RECORDED DATA
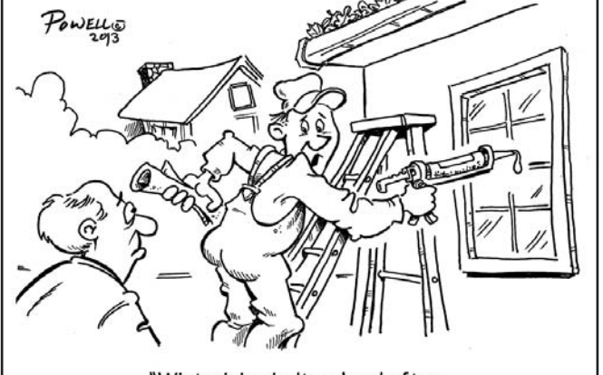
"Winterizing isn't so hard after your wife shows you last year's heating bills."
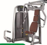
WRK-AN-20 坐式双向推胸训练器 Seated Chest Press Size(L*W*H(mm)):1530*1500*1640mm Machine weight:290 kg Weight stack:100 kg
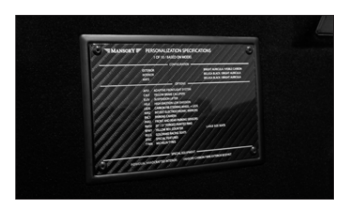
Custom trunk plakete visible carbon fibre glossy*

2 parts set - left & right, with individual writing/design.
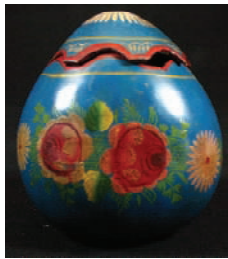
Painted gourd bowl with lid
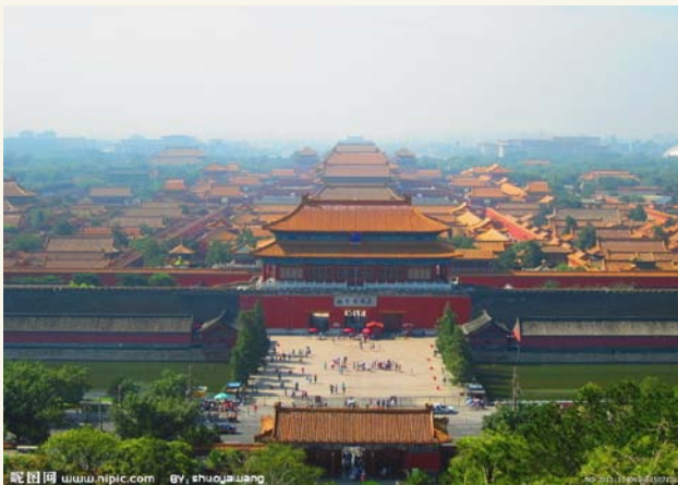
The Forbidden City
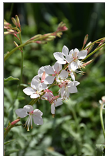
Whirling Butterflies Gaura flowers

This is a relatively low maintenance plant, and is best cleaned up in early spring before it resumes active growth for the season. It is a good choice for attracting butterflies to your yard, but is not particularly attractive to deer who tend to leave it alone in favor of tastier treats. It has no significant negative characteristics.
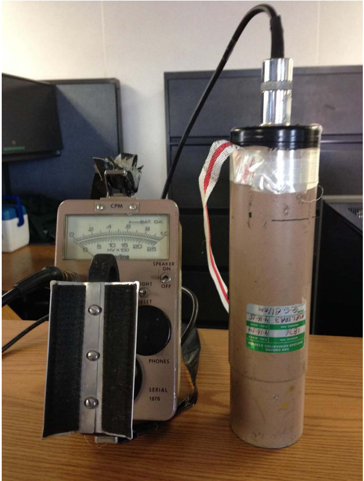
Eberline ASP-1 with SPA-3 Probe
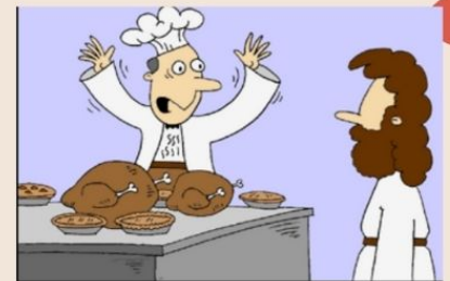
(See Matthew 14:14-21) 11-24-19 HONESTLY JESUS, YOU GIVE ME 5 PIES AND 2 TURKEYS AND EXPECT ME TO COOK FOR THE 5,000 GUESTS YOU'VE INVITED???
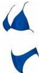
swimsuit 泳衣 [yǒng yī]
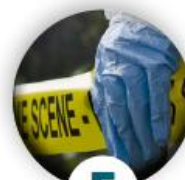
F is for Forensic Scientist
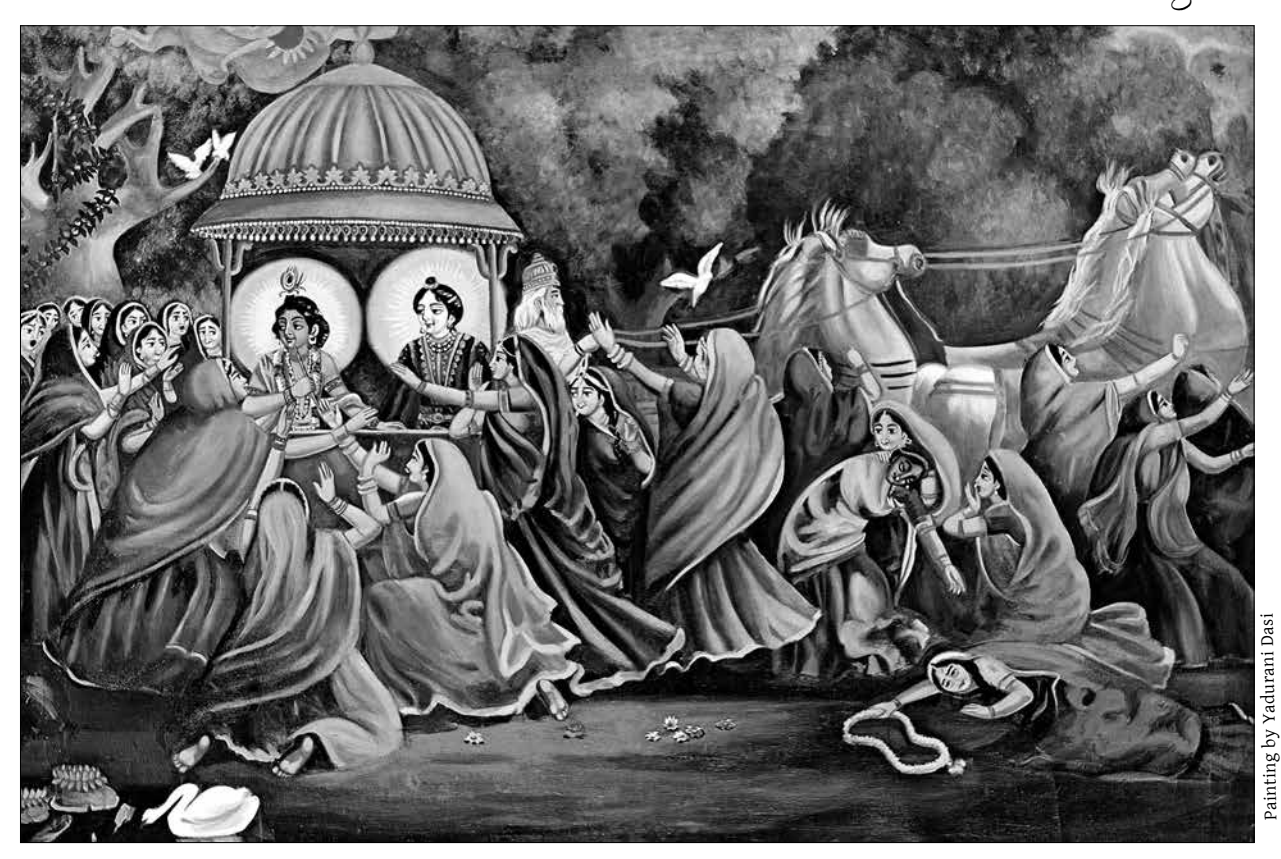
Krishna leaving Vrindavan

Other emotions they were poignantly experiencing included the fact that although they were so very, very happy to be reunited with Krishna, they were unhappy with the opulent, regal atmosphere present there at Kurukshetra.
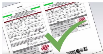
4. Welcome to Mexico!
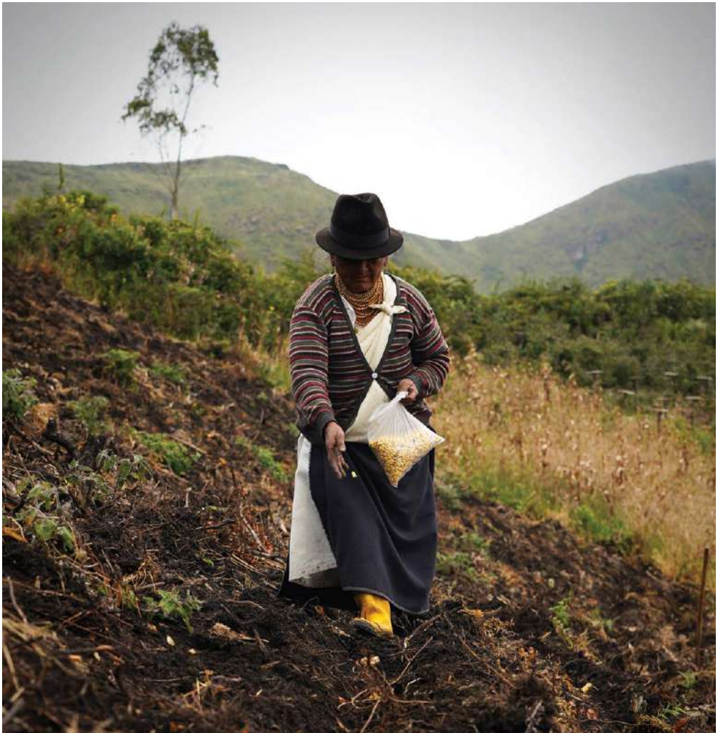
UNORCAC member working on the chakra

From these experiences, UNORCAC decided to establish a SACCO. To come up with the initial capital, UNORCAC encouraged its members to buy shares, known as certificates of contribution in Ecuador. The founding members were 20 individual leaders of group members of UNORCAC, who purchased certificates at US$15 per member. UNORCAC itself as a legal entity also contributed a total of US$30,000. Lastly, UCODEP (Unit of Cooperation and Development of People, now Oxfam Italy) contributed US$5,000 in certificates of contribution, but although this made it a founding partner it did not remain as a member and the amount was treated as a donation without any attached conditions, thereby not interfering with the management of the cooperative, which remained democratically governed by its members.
==
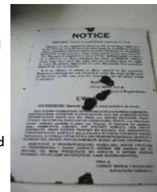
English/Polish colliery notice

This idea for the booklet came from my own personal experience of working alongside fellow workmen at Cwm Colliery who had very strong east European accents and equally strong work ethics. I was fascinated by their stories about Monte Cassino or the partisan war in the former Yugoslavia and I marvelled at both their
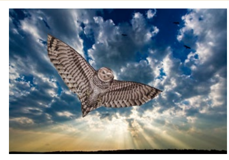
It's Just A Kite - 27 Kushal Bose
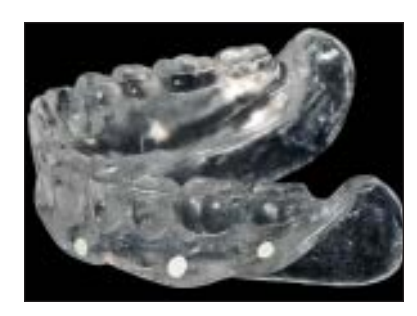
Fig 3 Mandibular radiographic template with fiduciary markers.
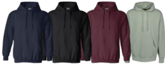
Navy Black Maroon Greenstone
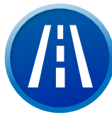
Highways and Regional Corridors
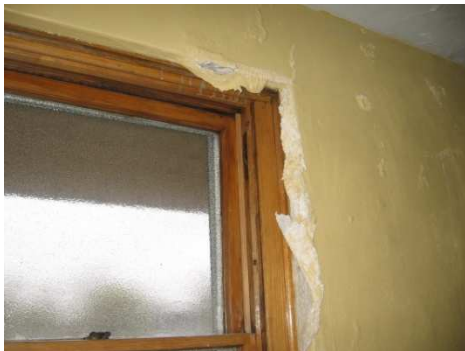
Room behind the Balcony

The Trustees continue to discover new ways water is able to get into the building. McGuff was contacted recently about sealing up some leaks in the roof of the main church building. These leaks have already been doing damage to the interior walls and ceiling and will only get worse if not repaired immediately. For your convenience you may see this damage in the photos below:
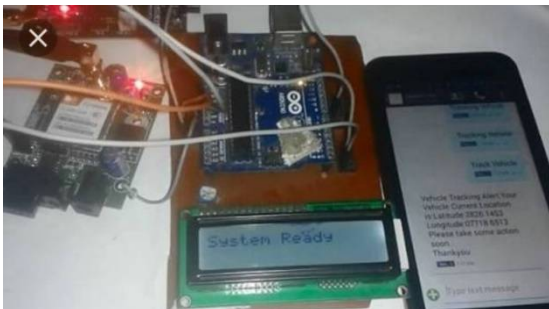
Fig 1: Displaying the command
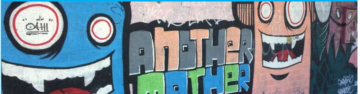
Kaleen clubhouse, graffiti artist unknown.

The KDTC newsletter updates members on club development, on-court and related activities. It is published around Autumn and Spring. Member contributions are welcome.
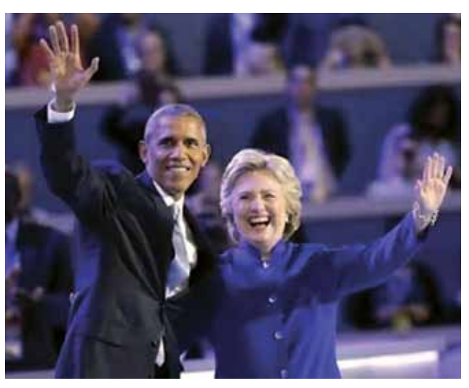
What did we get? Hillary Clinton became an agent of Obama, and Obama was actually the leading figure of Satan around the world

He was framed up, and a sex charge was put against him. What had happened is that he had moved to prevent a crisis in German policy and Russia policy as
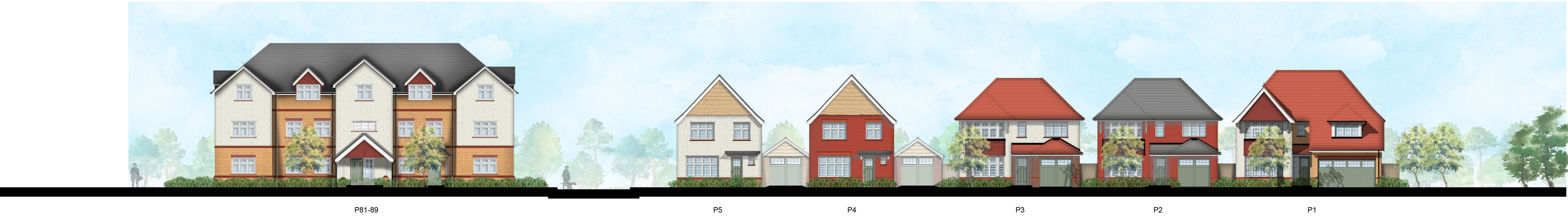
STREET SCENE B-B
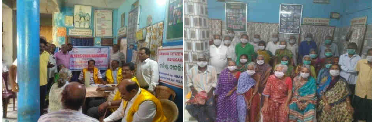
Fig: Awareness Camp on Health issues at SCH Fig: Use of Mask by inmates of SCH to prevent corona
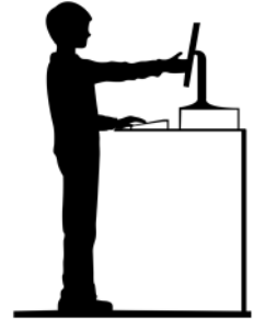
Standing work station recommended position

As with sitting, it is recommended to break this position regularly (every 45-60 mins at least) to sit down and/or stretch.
...
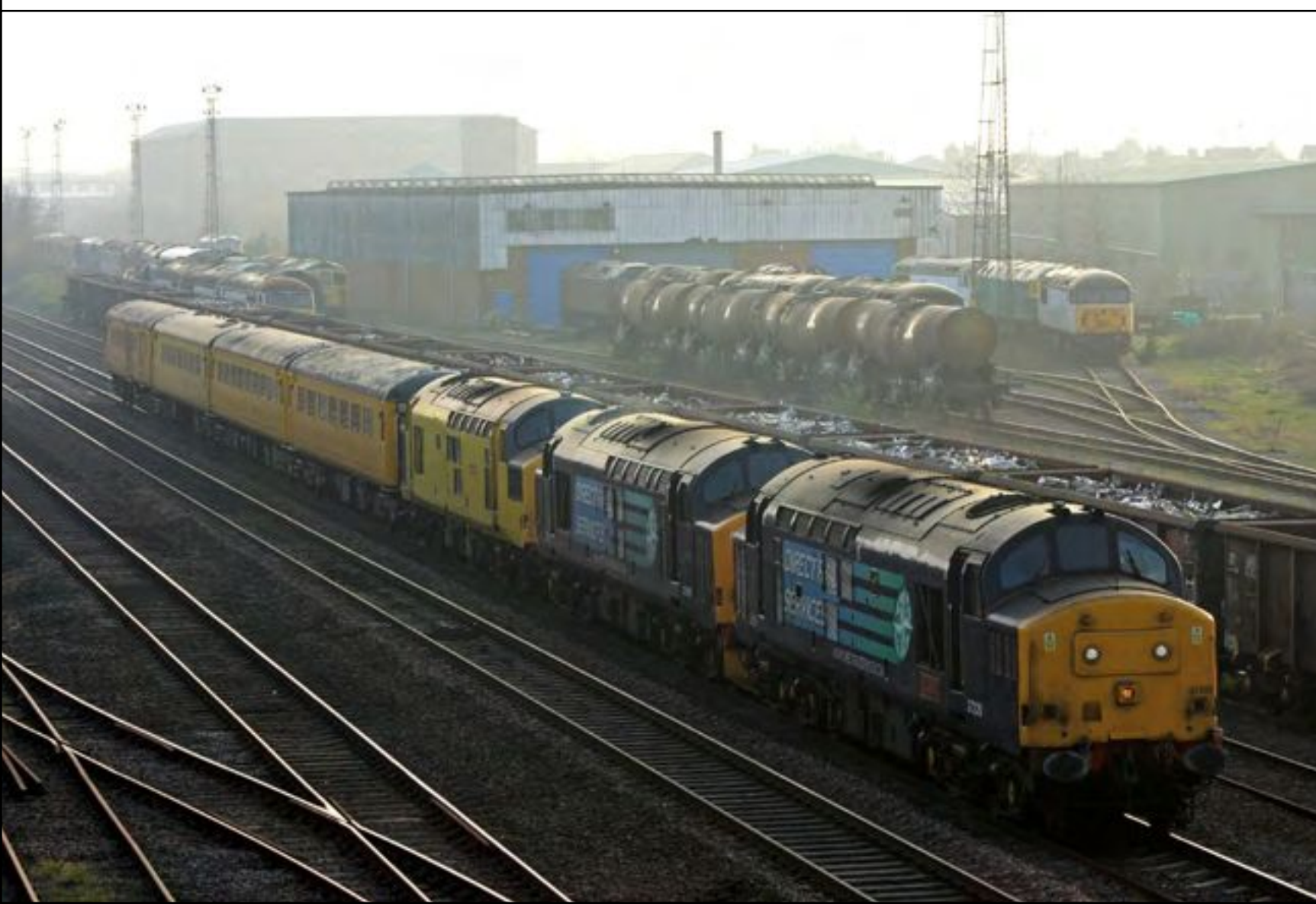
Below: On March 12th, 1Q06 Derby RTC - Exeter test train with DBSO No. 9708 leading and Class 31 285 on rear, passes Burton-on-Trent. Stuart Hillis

HOW TO COMPLETE THIS TASK
Gather all lines from the records above in which "with" appears.

FINISHED EXERCISE
2 parts set - left & right, with individual writing/design.
Painted gourd bowl with lid
Eberline ASP-1 with SPA-3 Probe
Other emotions they were poignantly experiencing included the fact that although they were so very, very happy to be reunited with Krishna, they were unhappy with the opulent, regal atmosphere present there at Kurukshetra.
From these experiences, UNORCAC decided to establish a SACCO. To come up with the initial capital, UNORCAC encouraged its members to buy shares, known as certificates of contribution in Ecuador. The founding members were 20 individual leaders of group members of UNORCAC, who purchased certificates at US$15 per member. UNORCAC itself as a legal entity also contributed a total of US$30,000. Lastly, UCODEP (Unit of Cooperation and Development of People, now Oxfam Italy) contributed US$5,000 in certificates of contribution, but although this made it a founding partner it did not remain as a member and the amount was treated as a donation without any attached conditions, thereby not interfering with the management of the cooperative, which remained democratically governed by its members.
Fig 3 Mandibular radiographic template with fiduciary markers.
As with sitting, it is recommended to break this position regularly (every 45-60 mins at least) to sit down and/or stretch.
Below: On March 12th, 1Q06 Derby RTC - Exeter test train with DBSO No. 9708 leading and Class 31 285 on rear, passes Burton-on-Trent. Stuart Hillis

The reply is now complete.